#### [What is needed]
Each entry is to be retyped exactly as it appears. Leave the images out.

Task data START

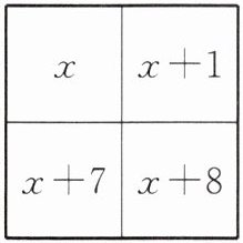 因为对角线的和分别为$x+(x + 8)=2x + 8$,$(x + 1)+(x + 7)=2x + 8$,
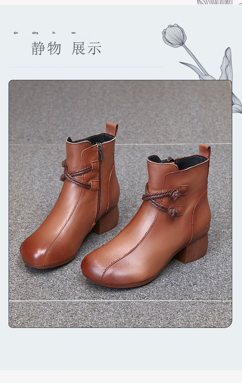 짧은 부츠 여성 복고풍 여성 신발 2024 겨울 새로운 중년 따뜻한면 신발 소 가죽 두꺼운 뒤꿈치 부드러운 바닥 마틴 부츠 도매스토어 가기
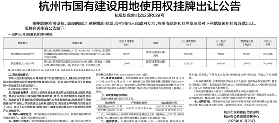 六、挂牌竞买申请。参加挂牌竞买的竞买申请人可在2025年11月17日9∶00至2025年11月26日17∶00登录浙江省自然资源智慧交易服务平台(www.zjzrzyjy.com)进行报名。竞买申请人须按照挂牌出让须知要求办理数字证书并足额交纳竞买保证金或提交足额银行保函,符合竞买要求方可参加网上挂牌出让活动。
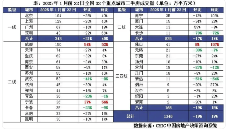 值得一提的是,1月重点城市二手房市场相对新房表现依然更好。克而瑞监测显示,1月前22日,33个重点城市二手房成交面积预计为1346万平方米,环比下降19%,同比增长19%,涨跌幅均小于一线,延续高位震荡行情。
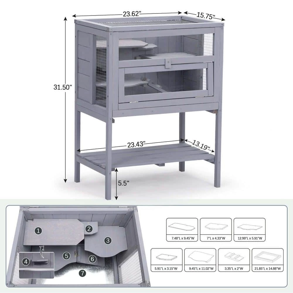 Overall size: 23.62 in. L x 15.75 in. W x 31.50 in. H. It has nice design and durable structure. Perfect choice for your cute pet live and rest insides.
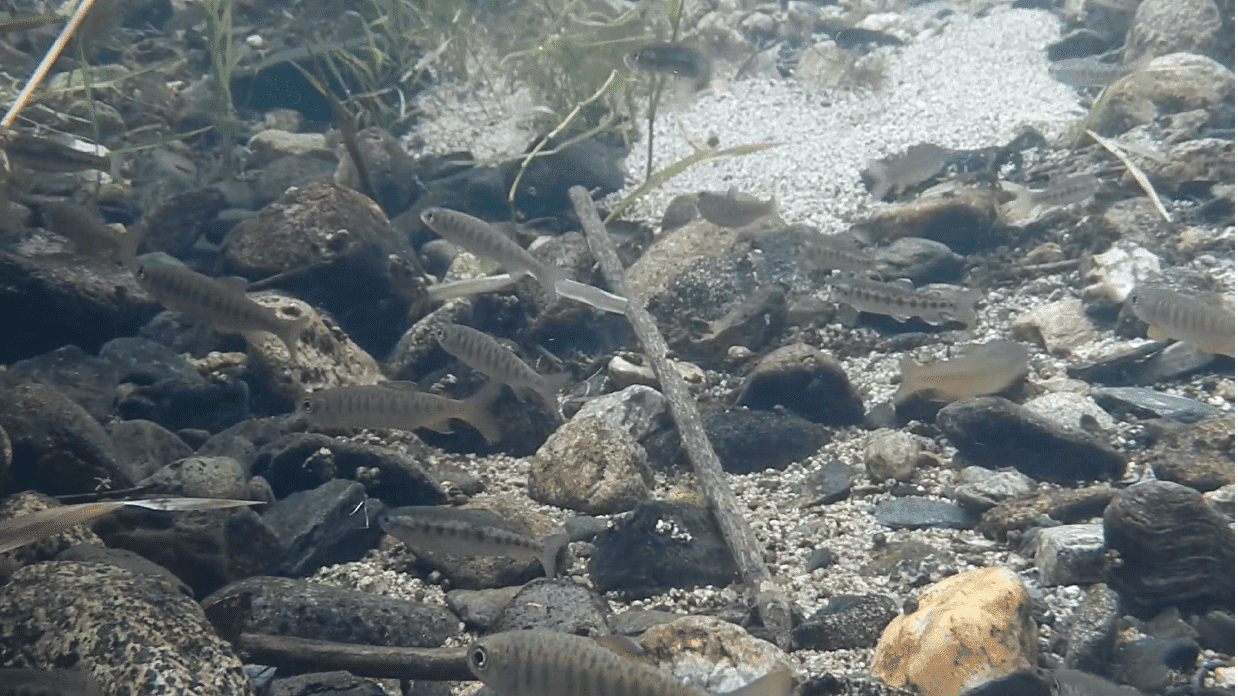 Juvenile coho salmon and rainbow trout rearing in pool habitat on Lower French Creek in July 2019. Used by permission of Chris Voigt, Siskiyou Resource Conservation District.

Task data END

#### [Final answer]
 因为对角线的和分别为$x+(x + 8)=2x + 8$,$(x + 1)+(x + 7)=2x + 8$,
 짧은 부츠 여성 복고풍 여성 신발 2024 겨울 새로운 중년 따뜻한면 신발 소 가죽 두꺼운 뒤꿈치 부드러운 바닥 마틴 부츠 도매스토어 가기
 六、挂牌竞买申请。参加挂牌竞买的竞买申请人可在2025年11月17日9∶00至2025年11月26日17∶00登录浙江省自然资源智慧交易服务平台(www.zjzrzyjy.com)进行报名。竞买申请人须按照挂牌出让须知要求办理数字证书并足额交纳竞买保证金或提交足额银行保函,符合竞买要求方可参加网上挂牌出让活动。
 值得一提的是,1月重点城市二手房市场相对新房表现依然更好。克而瑞监测显示,1月前22日,33个重点城市二手房成交面积预计为1346万平方米,环比下降19%,同比增长19%,涨跌幅均小于一线,延续高位震荡行情。
 Overall size: 23.62 in. L x 15.75 in. W x 31.50 in. H. It has nice design and durable structure. Perfect choice for your cute pet live and rest insides.
 Juvenile coho salmon and rainbow trout rearing in pool habitat on Lower French Creek in July 2019. Used by permission of Chris Voigt, Siskiyou Resource Conservation District.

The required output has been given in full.